So, now what? This is sort of my question with this blog, as well. I made it to help me as I start this endless life-long process of Figuring It Out, but as of yet I haven't decided how I want to use it. I promise it won't all be long rambling posts about the future and how terrified I am, but I wanted to start out with a baseline. I've probably talked to many of you about all this already, because this has been on my mind for quite a long time and I still don't have any answers. This is the state of mind in which I am entering my voyage into "Real Life". Also, if any of you have any wisdom to share that you haven't already, that would be wonderful.

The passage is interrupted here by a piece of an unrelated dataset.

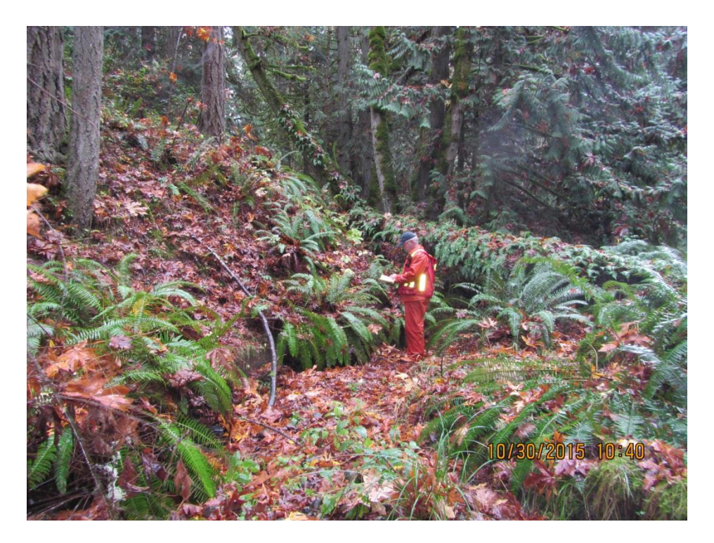
Figure 6. Conifer Forests Dominate Riparian in Reach #3

Riparian conditions through much of the reach are exellent, with maturing second growth conifer forest conditions providing stable riparian conditions (Fig. 6). Landuse is primarily forestry (Crown owned). Two hobby farms in the upper portion of the reach have resulted in enroachment of a building and (private) bridge impacting the channel.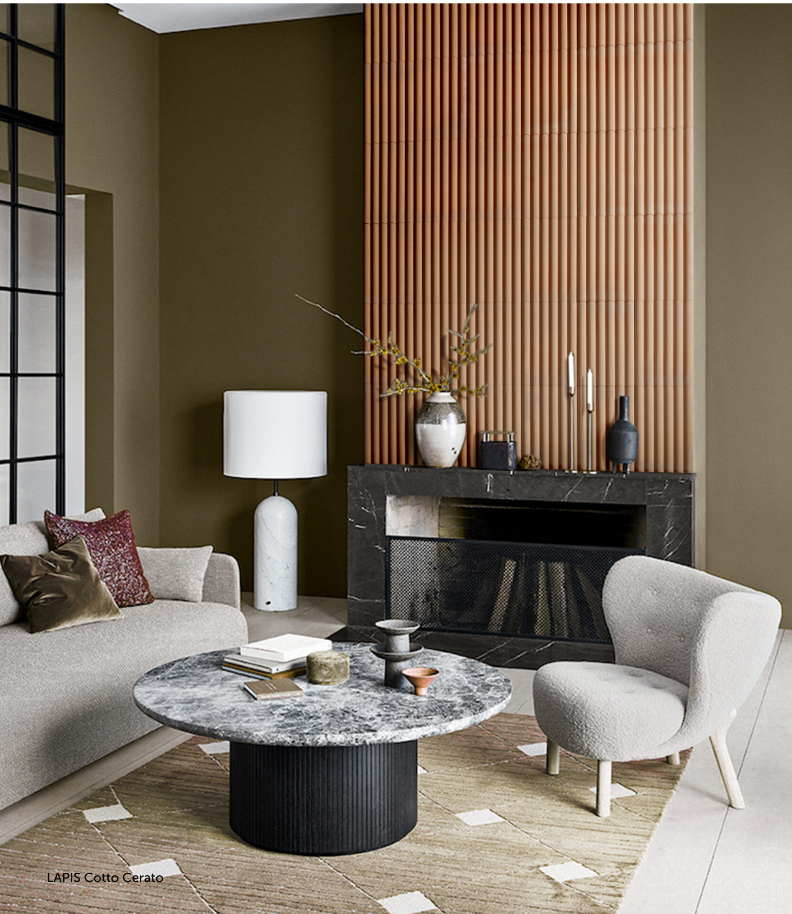
LAPIS Cotto Cerato

And now I must try to quiet all these things from my mind and go to sleep, because I have stayed up much too late already and tomorrow is another full day of work and then our last trip together, one of the ones I was most excited for: Yosemite.

Thursday, September 1, 2011

The First of Many (Probably)

This is something I've been thinking about doing for a while, now. Actually, ever since I got back from Australia. I really loved blogging while I was in Australia; it was a great way to organize my thoughts and share my adventures and observations with friends and family at home. In the near future my adventures will probably be somewhat less exciting than those in Australia, but I need to start thinking of what comes after being in college as a grand adventure/experience instead of THE END OF THE WORLD AND EVERYTHING AS I KNOW IT. It will make things a lot better for me and those around me in the coming months/years. So as if it were any other adventure, I am starting a blog. I probably should have done this at the beginning of the summer, when I really was going off on an adventure to the middle of the Mojave desert, but oh well. I will probably make a post about that soon, to get you all up to speed.

So, there you have it. The beginning of the chronicles of the next stage of my life. Read if you wish!